Looking at the higher number of combination that we calculated in the previous algorithm, we can change the role of the dictionary: from passive to active.

*Assume that we have our dictionary, and that we read the words one by one. For each of them we only verify if it is in the matrix or not.* This method seems reasonable, since the number of existing words is smaller that the number of possible words in the matrix.

This verification is fast. Let’s assume we want to verify if the word “HOME” is in the matrix. First of all, we want search for a cell that contains an “H”. From that cell we want to search for neighbours with a letter “O”. If we found one now we need to verify if there is a neighbour with the letter “M”, and so on. These operations are simple, we only check the letters of the word with the ones in the matrix. We don’t need to have an hashmap, the dictionary is read sequentially.

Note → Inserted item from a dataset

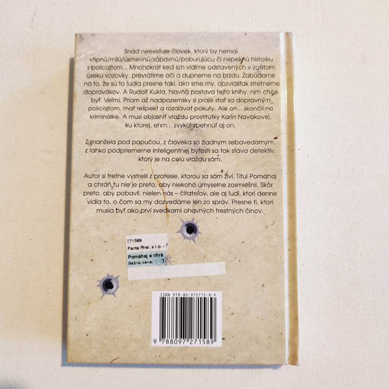 Autor si trefne vystrelil z profesie, ktorou sa sám živí. Titul Pomáhaj a chráň tu nie je preto, aby niekoho úmyselne zosmiešnil. Skôr preto, aby pobavil, nielen nás – čitateľov, ale aj ľudí, ktorí denne vidia to, o čom sa my dozvedáme len zo správ. Presne ti, ktorí musia byť ako prví svedkami ohavných trestných činov.
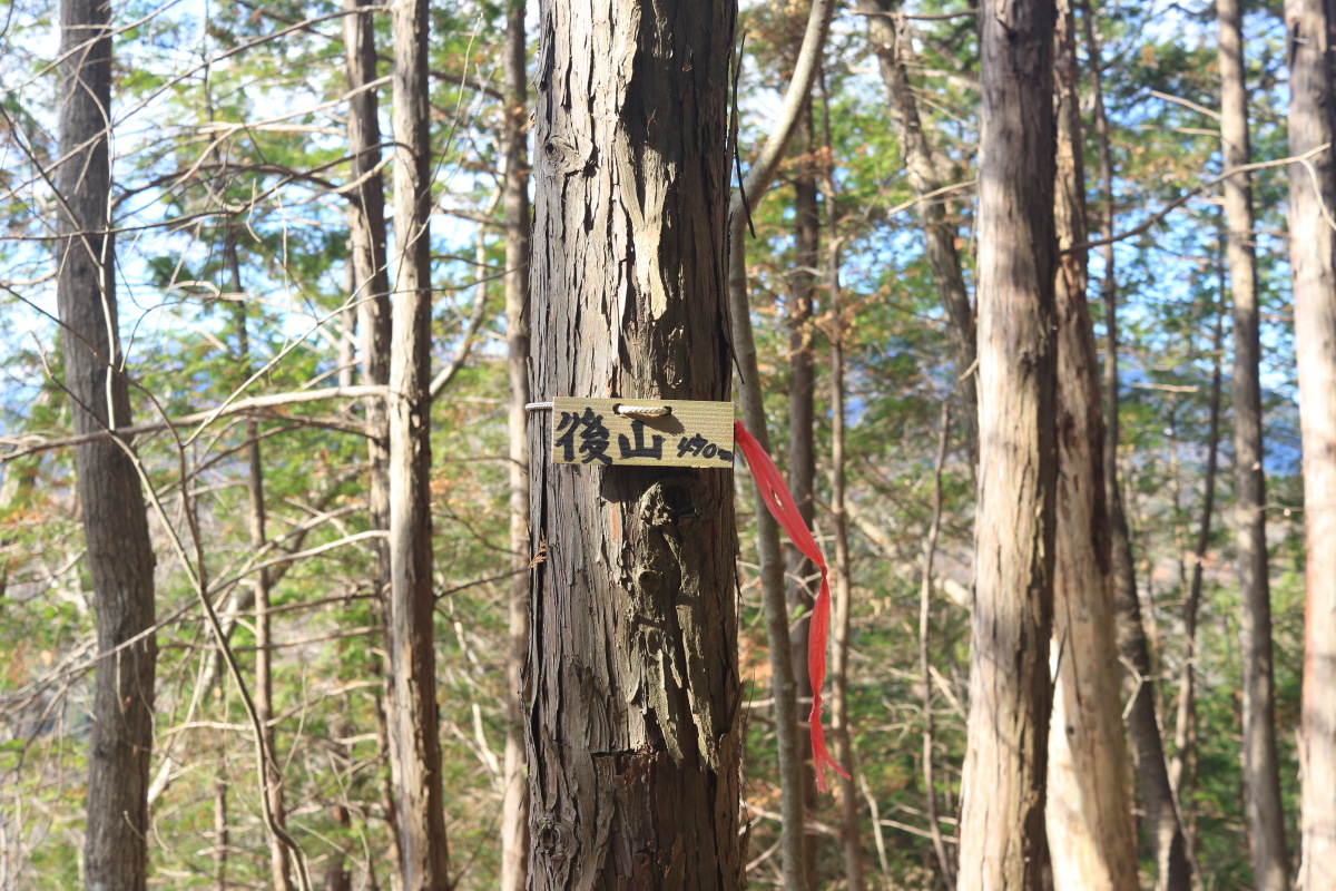 すぐに次の後山(470m)通過(11:02)。 山頂名はこちら。 眺望なし。 Canon EOS Kiss X7 EF-S24mm f/2.8 STM 24mm(38mm) ISO 125 F5.6 1/80s |

Again, to put this in numbers, the average time to find all the words that are in the matrix is **150 milliseconds** on my laptop. Compared to the previous one, this is already a big step forward.

### Branch and Bound

Looking at the first algorithm we can observe something. The lookup for a word “clev” fails, but we must continue the research from this word and up to 15 letters in order to find existing words. For example “clever” is in the dictionary.
*To speed up the research, it would be useful to know instead, from the first letters, that the word is not a prefix of any word in the dictionary*. For example, with “xhct” we don’t need to continue to search, we will not find any longer word with that prefix.

Hence, to do this, we need a clever “hashmap”, where we can do prefixes lookups. This type of data structures exists and is widely used, for example in information retrieval. Examples of these are: Trie, and Radix Tree

We expect such an algorithm to be very fast, because the enumeration of all possible combination is rigorously guided, excluding all wrong path, and using very fast lookup. To test this algorithm, I implemented an optimised version of Trie, which is expensive in terms of memory.

To compare this with the other two algorithms in term of time, this algorithm needs, in the average case, **less than 1ms** to calculate all words in the matrix in my laptop.

## Conclusion

We have seen three ways to solve this problem, each of them has pros and cons:

Algorithm | Time | Time (with data structure population) |
Requested Primary Memory |
---|---|---|---|

Full Enumeration | 2,5sec+ | 2,5sec+ | ~6MB |

Active Dictionary | 150ms | 170ms | ~0MB |

Branch and Bound | 1ms | 300ms | ~140MB |

The second method, despite the time of 150ms, is a practical algorithm, where you don’t need to much memory to memorise the dictionary.

The third method is surely faster, but it is expensive in terms of memory, and the algorithm also needs a slow phase where the data structure is getting ready.